Set on timber cross-sections, the clear glass jars hold natural objects (e.g., ground bones from a poisoned orca); manufactured items (such as a non-recyclable printer cartridge); and hybrids of the two (most startling: GMO seeds). These quiet evocations ask viewers to take pause and consider “the complexity of the poignant choices facing us,” says Pindell. Chaos theory “proposes that any seemingly insignificant action, even the fluttering of a butterfly’s wings, could have a ripple effect that impacts the entire planet….Here are the relics of the tiny decisions that might accumulate into an environmental disaster, or not.”
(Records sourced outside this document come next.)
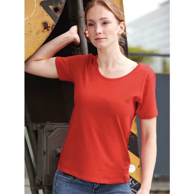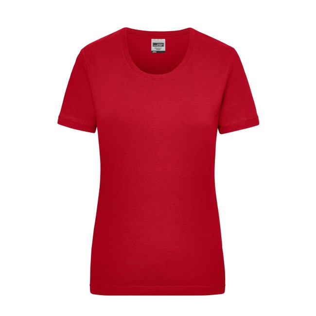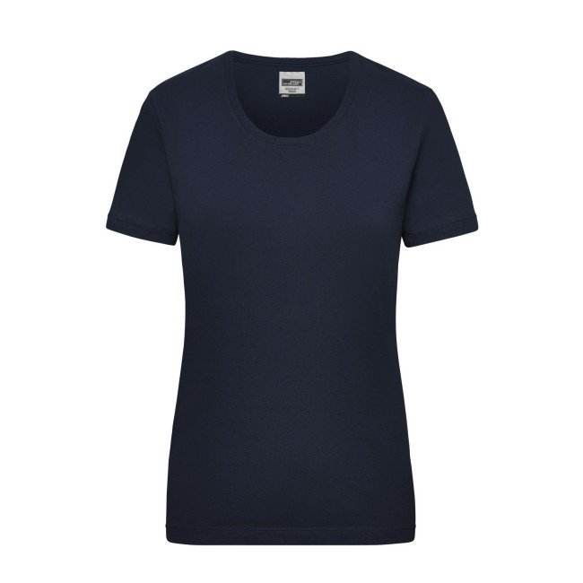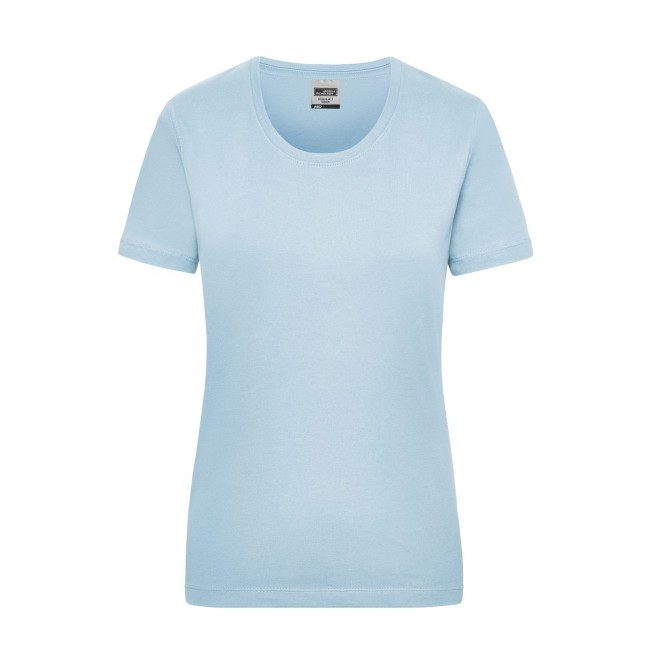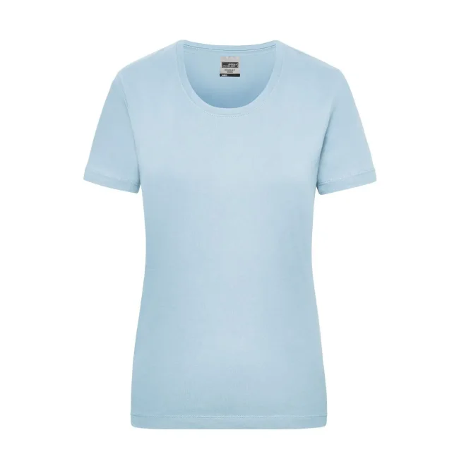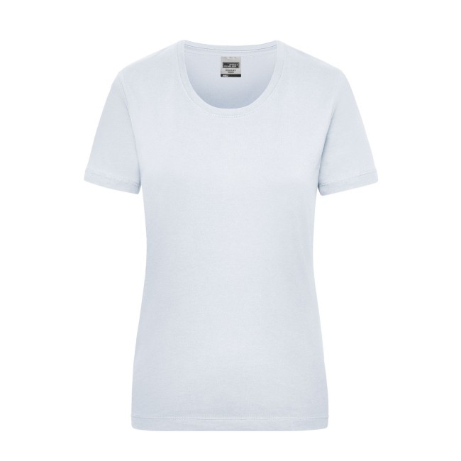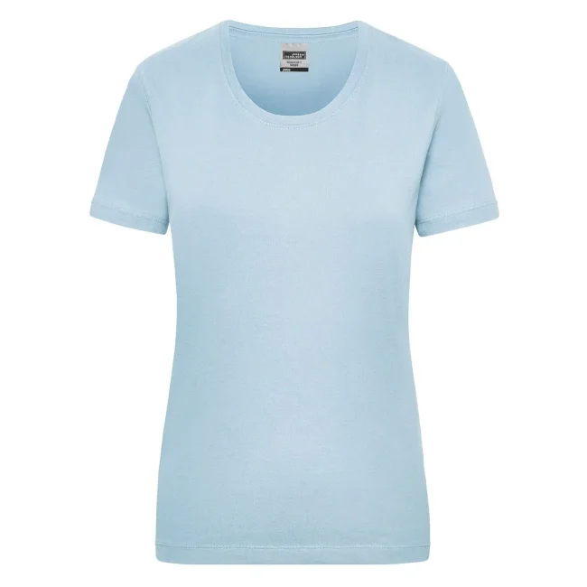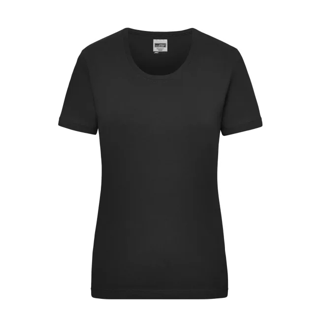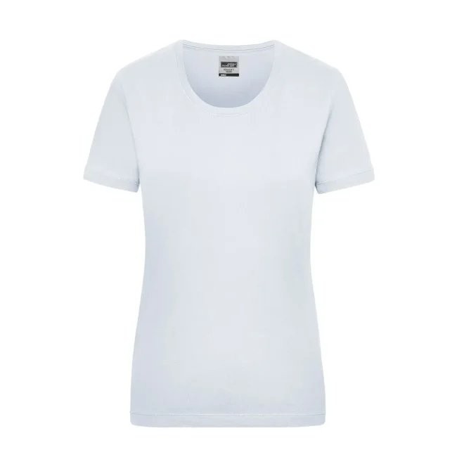 100% cotone. T-shirt classica resistente Single-jersey di alta qualità pretrattato, mantiene la forma. Taglio ottimale per ampi movimenti, Cucitura doppia per alta tenuta, necktape, Leggermente sciancrata. Bianco lavabile a 95°C, adatto per asciugabiancheria, Colorato lavabile a 60°C, adatto per asciugabiancheria. Tessuto esterno (200 g/m²), manica corta, Donna, Professionale, Collo rotondo.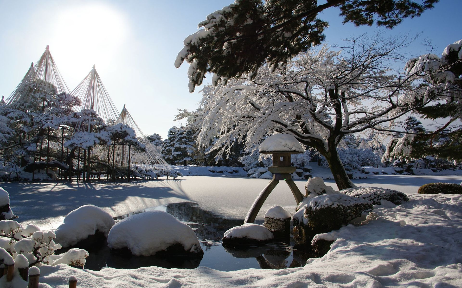 Назад на "снежная сцена пруда и покрытого снегом дерева с птичником"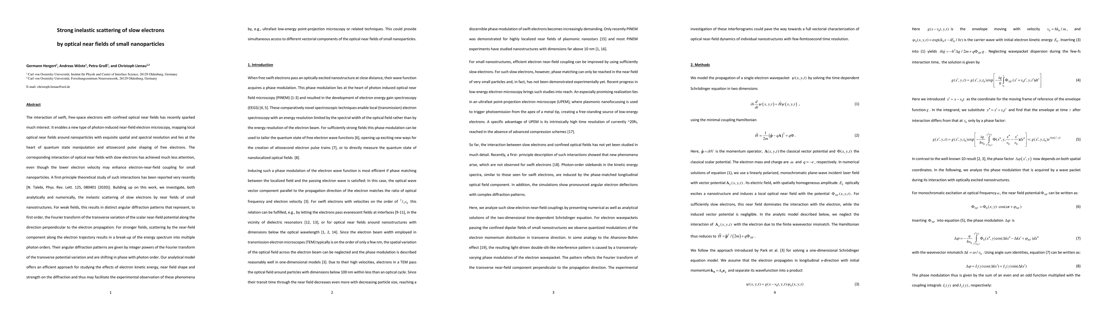This paper investigates the inelastic scattering of slow electrons by optical near fields of small nanoparticles, revealing distinct angular diffraction patterns and energy spectrum breakups into multiple photon orders. The study provides an analytical model to understand the effects of electron kinetic energy and near-field characteristics, potentially aiding experimental techniques like ultrafast low-energy microscopy.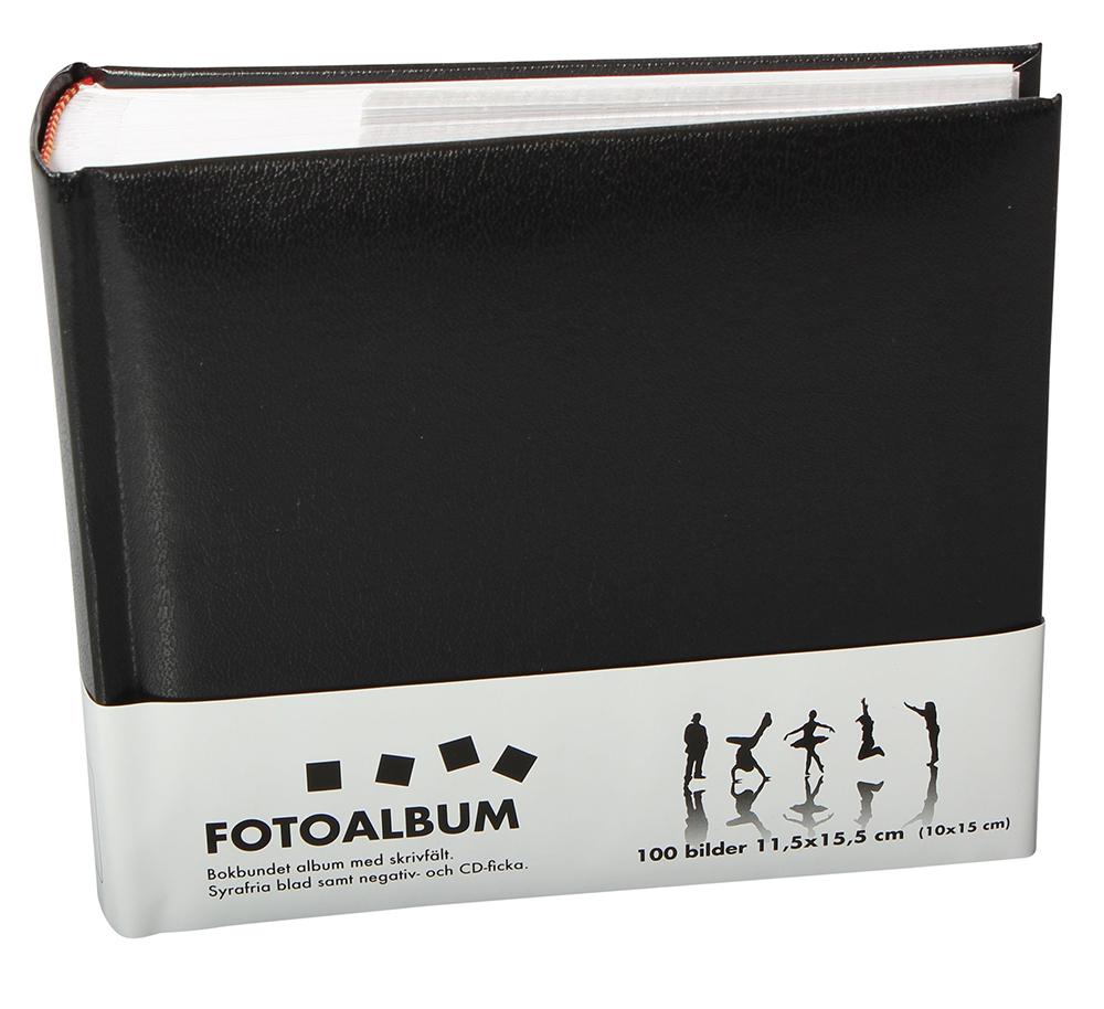 Stilrent fotoalbum med svarte permer i kunstlær med plass for 100 bilder i størrelser opptil 11x15 cm. Estancia Svart er innbundet for å ha den beste holdbarheten, og har syrefrie ark som gjør at bildene dine beholder sin originale kvalitet. Til hvert bilde er det god plass til egne notater, noe som gir et personlig preg.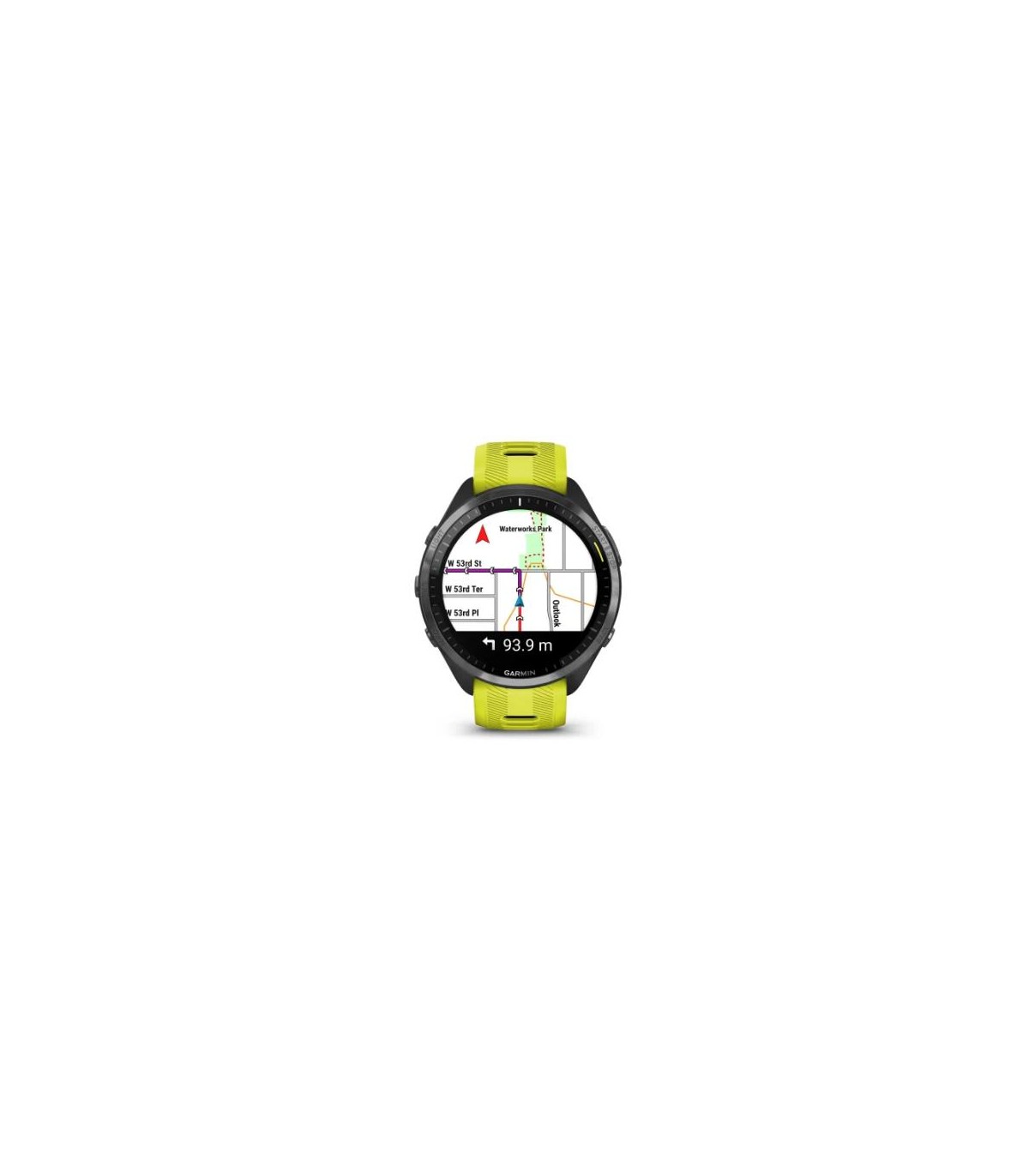 - Garmin Forerunner 965. Display diagonal: 3.56 cm (1.4"), Display technology: AMOLED, Display resolution: 454 x 454 pixels, Touchscreen. Flash memory: 32 GB. Wi-Fi. GPS (satellite). Weight: 53 g. Band material: Silicone, Band colour: Yellow, Band size: One

Pindell has created a Hostage 61 “interactive scavenger hunt [and] webpage”, an online key providing clues and information about the exhibit. It’s impossible to read down the index of artifacts without free associating: matchsticks spark thoughts of whittled forests and of wildfires; a bird’s skull conjures the “Pacific Garbage Patch”, that island of plastic scum the size of Australia that is trapped in the whirling currents of the Pacific Ocean. “Let’s examine the seemingly small choices we make each day, to realize the ripple effect that impacts our entire planet,” she says. “The questions of personal and collective responsibility for deforestation and climate change are more timely than ever….I have just begun teaching at UW Tacoma and would love to engage this community.” Pindell’s exquisitely chosen objects – some once living – present a nightmare impossible to look away from.

Hostage 61, on view at the Woolworth Windows, S. 11th & Commerce, through Dec. 10, 2014. www.deannapindell.net.